Background : Atherosclerosis is associated with low-grade vascular inflammation that can be measured with high sensitivity-C reactive protein (hs-CRP). Acute coronary syndrome (ACS) events are thought to occur due to plaque rupture which is induced by the inflammatory process. Therefore with the onset of ACS there is a rise of hs-CRP from the baseline levels. This study was carried out to observe the fluctuations in serum hs-CRP concentrations after ACS and to determine the optimal time for blood sampling for hs-CRP that represents the baseline value. Methods: Serial estimates of serum hs-CRP were done in patients admitted with ACS by turbidimetry.
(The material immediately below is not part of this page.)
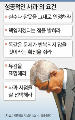 세계적인 경영학술지인 하버드 비즈니스 리뷰(HBR) 4월호는 과거 정치 및 재계 지도자가 했던 사과의 성공 및 실패 사례를 분석하는 논문을 실었다.

Samples were taken, on admission, day three, five, 24 and 84 from the onset of symptoms. Results : Eight male patients (mean age 53, SD 5 yrs) with ACS (five with ST- elevation myocardial infarction and three with unstable angina) were included. Serum mean (SD) hs-CRP level on admission was 3.06 (1.3) mg/L. Then levels rose to 6.17 (2.6) mg/L on day three; was significantly different from on admission value (p = 0.013). Then it declined to 4.37 (1.8) mg/L on day five and on 24th day to 3.21 (1.2) mg/L. The value on 84th day was 3.12 (1.4) mg/L. No significant difference was observed between the mean hs-CRP level on admission and on day five (P = 0.20), on day 24 (p = 0.81) and on day 84 (p = 0.93), respectively. Conclusion: Serum hs-CRP fluctuates after ACS, peaked on day three, returns to the basal level by day five following the acute event. Therefore basal level is more reliably reflected by the on admission sample. DOI: http://dx.doi.org/10.4038/gmj.v19i1.6959 Galle Medical Journal 2014 19(1): 11-15

Highlights

  • Atherothrombosis of the coronary and cerebral vessels is understood as a disorder of inflammation and a disorder of lipid accumulation [1]

  • There is clinical evidence demonstrating that many biomarkers of inflammation are elevated years in advance of first ever myocardial infarction (MI), and that these biomarkers are highly predictive of recurrent MI, recurrent stroke and cardiovascular death [3, 4]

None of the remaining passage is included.